“We Were Good Soldiers”: War Stories from Nebraska Vietnam Veterans


April 28th, 2015

 George Albright in Vietnam (Photo courtesy of George Albright)

George Albright in Vietnam (Photo courtesy of George Albright)

It’s been 40 years since the fall of Saigon and the end of the Vietnam war, but memories are still strong for those who served during that time, including some of Nebraska’s more than 40,000 Vietnam-era veterans.


Greg Holloway was a 20-year-old kid from the small town of Harvard, Nebraska, when he was drafted into the Army and sent to Vietnam in 1967.


After less than six months of fighting he’d been in three major battles, and earned three Purple Heart medals for combat wounds, the last coming from a North Vietnamese grenade.

Greg Holloway in Vietnam (Photo courtesy of Greg Holloway)

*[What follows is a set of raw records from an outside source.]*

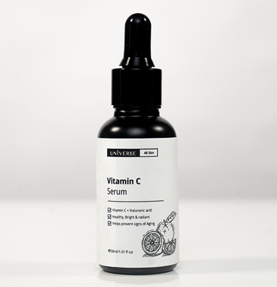 UNIVERSE Vitamin C serum is formulated with Ethyl Ascorbic acid which is not sensitive to light, air, and water like other forms of Vitamin C. When applied to the skin, Ethyl Ascorbic Acid penetrates the skin barrier effectively and converts to ascorbic acid within the skin cells. This conversion enables it to act directly in areas where collagen production, skin repair, and brightening are most needed.
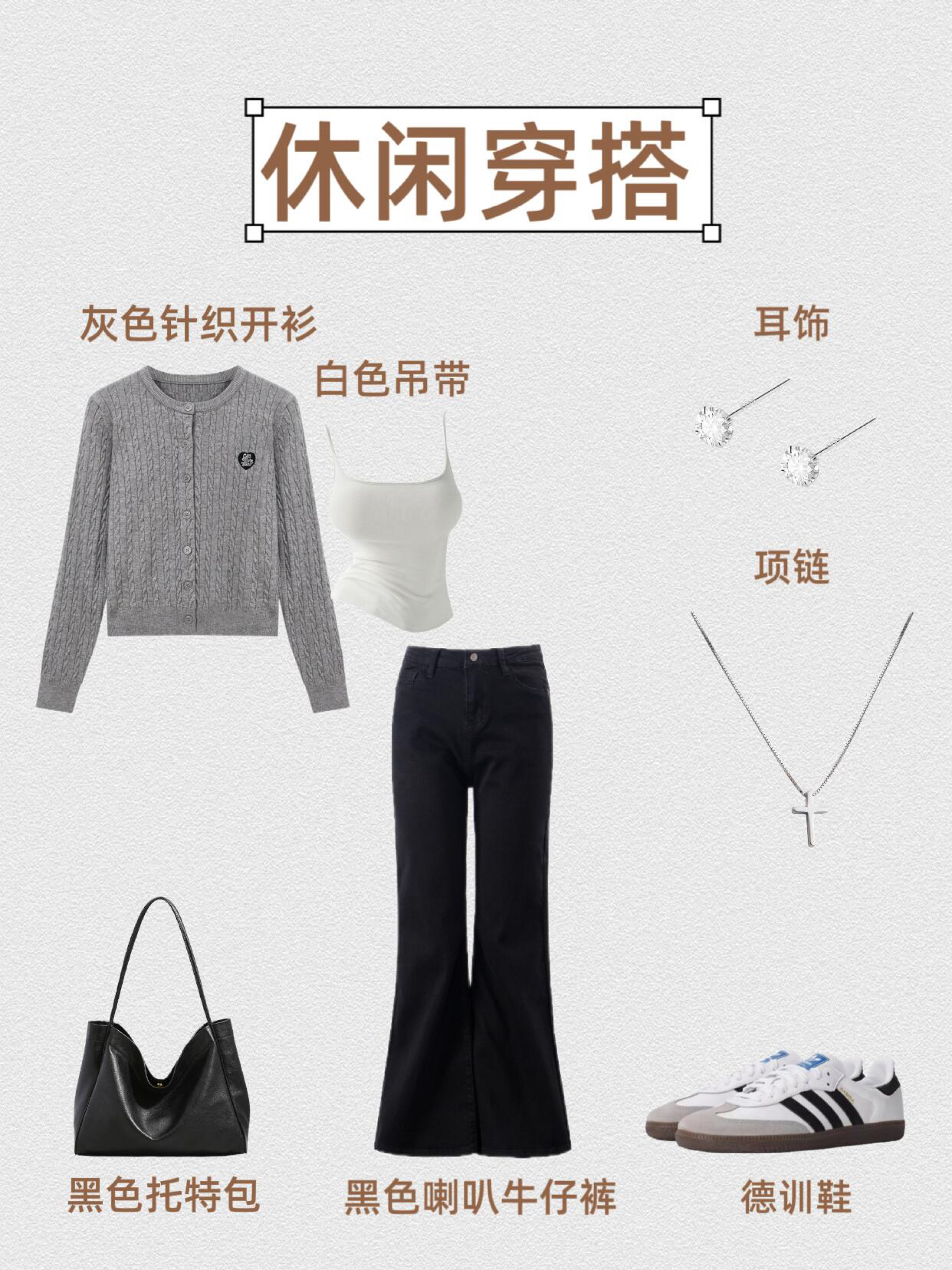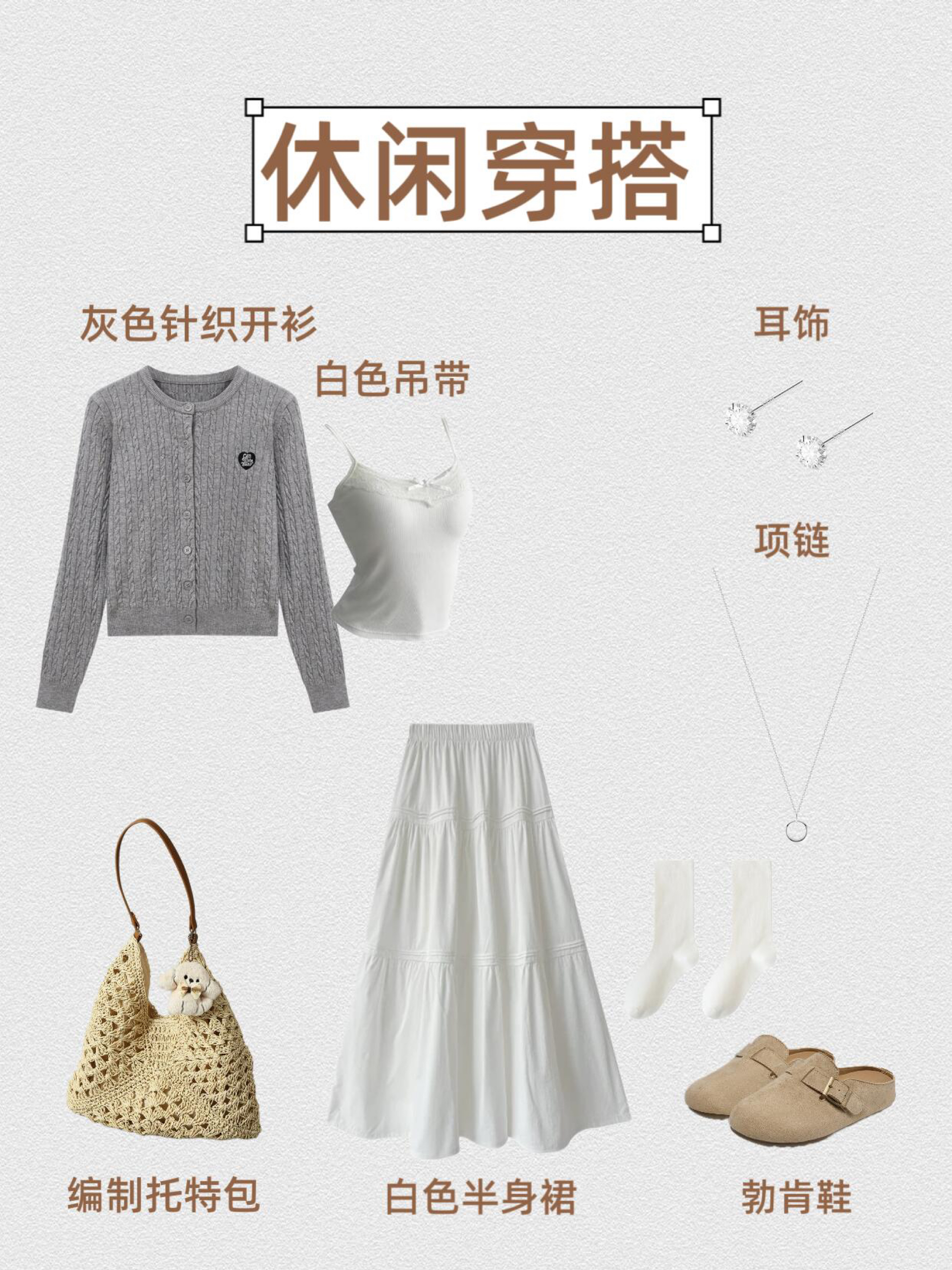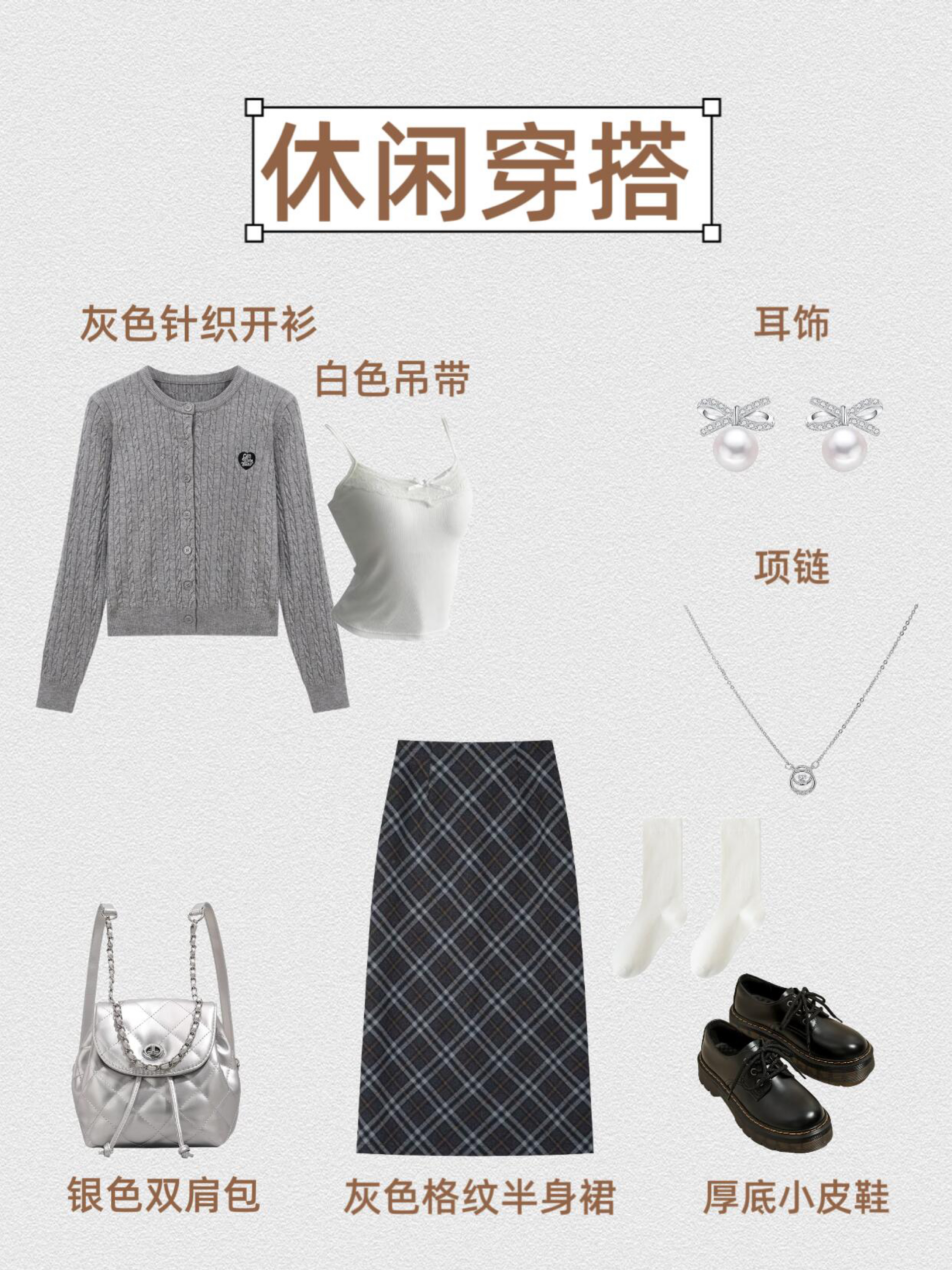 第1⃣套:复古休闲风 灰色针织开衫+白色吊带+黑色喇叭牛仔裤+德训鞋+黑色托特包+钻石耳饰+十字项链 第2⃣套:学院休闲风 灰色针织开衫+白色吊带+灰色格纹半身裙+厚底小皮鞋+银色双肩包+珍珠蝴蝶结耳饰+钻石项链 第3⃣套:温柔休闲风 灰色针织开衫+白色吊带+白色半身裙+勃肯鞋+编制托特包+钻石耳饰+圆形项链 第4⃣套:甜酷学院风 灰色针织开衫+修身白T+灰色百褶裙短裙+厚底小皮鞋...
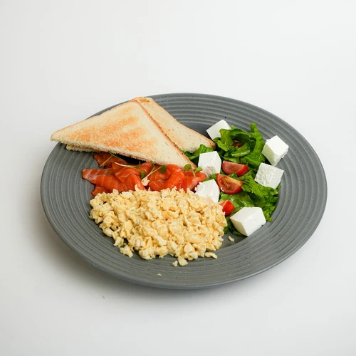 это аппетитный завтрак, состоящий из тостового хлеба, омлета из куриного яйца , нарезанной слабосолёной форели, сыра фета, помидоров черри и свежего листа салата.
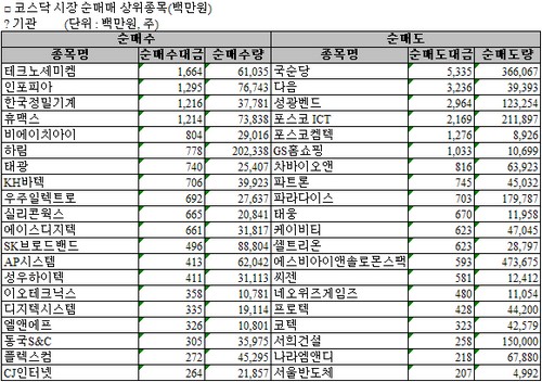 기관은 국순당(53억원), 다음(32억원), 성광벤드(29억원), 포스코ICT(21억원), 포스코켐텍(12억원) 등을 순매도했다. 기관은 막걸리 대표주인 국순당을 실적 우려로 인해 최근 나흘째 대거 순매도하면서 주가 역시 큰 폭으로 떨어지고 있다.
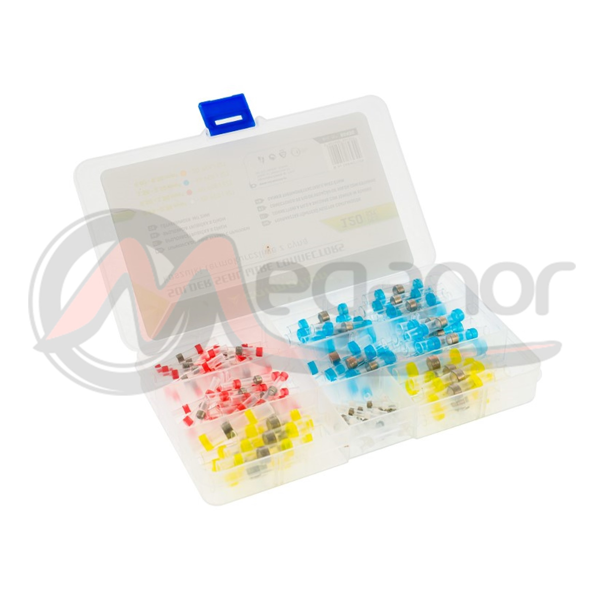 O conjunto contém 120 peças de conectores em 4 cores que indicam os diâmetros dos conectores.
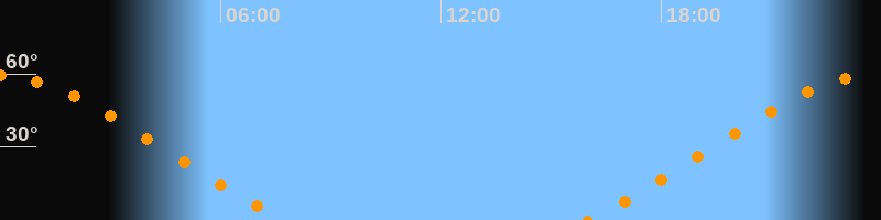 | Aufgang | 16:00 Uhr im Nordosten (αAz = 56°) |
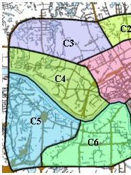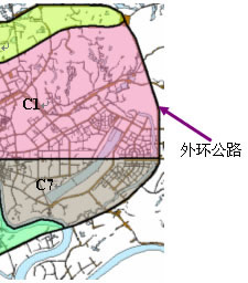 本文需要计算图1中所示的外环公路内绿地覆盖率。 3.1.2 区域划分 城市区域的划分主要是根据路网、水系、地势等地理要素,在矢量地图上,通过手工来划分,实验区域的划分情况如图3,将外环公路内分为C1、C2、C3、C4、C5、C6、C7等7个区域。
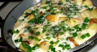 Картофель залить массой и посыпать зеленью. Довести на плите до готовности яиц.
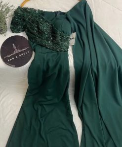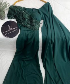 فستان سهرة لكرا كريب راقي مع كلفة مشجرة من الخرز والشك بطريقة راقية
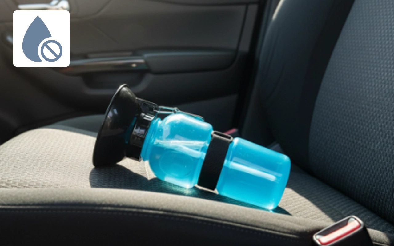 Lekkasje forhindres av den sikre lokk-mekanismen. Vesken og bilinteriøret holder seg tørt når dere reiser sammen.
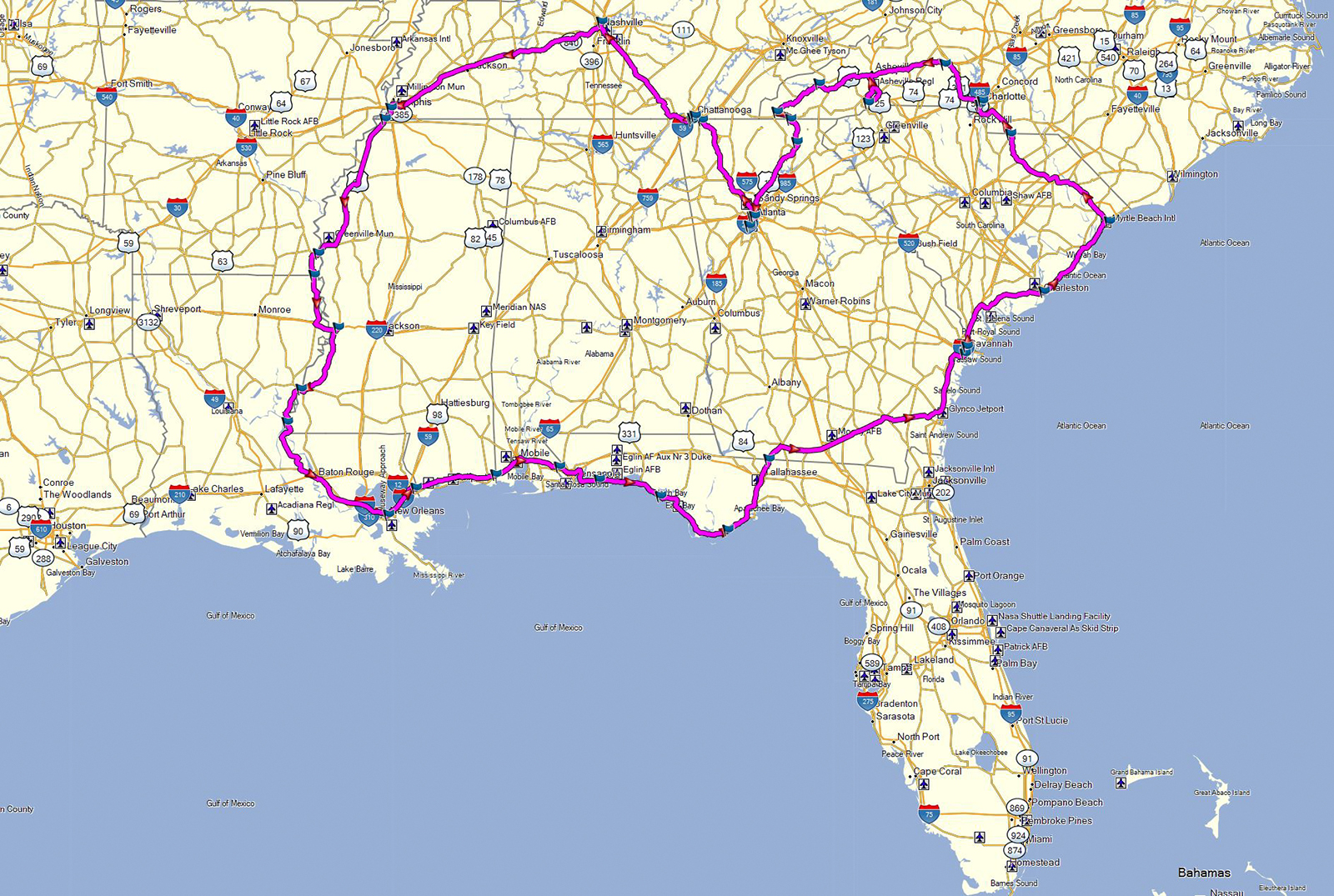 Morgen ist ein Fahr-Tag. Wir werden von Atlanta über Chattanooga nach Nashville fahren.

Greg Holloway in Vietnam (Photo courtesy of Greg Holloway)

“Blew the back of my head out, shredded my face and my right side, blew a hole through my left foot, tore me up pretty bad,” Holloway recalled for NET’s recent “Generations of Nebraska Warriors” project. “(The) medic got up, got up there and started working on me. Mark Fulton was the medic. He said that the guy threw one more grenade at us, but when it blew, it blew straight up. He didn’t think I’d make it. He just was stuffing rags in all the holes. I was the worst he’d worked on.”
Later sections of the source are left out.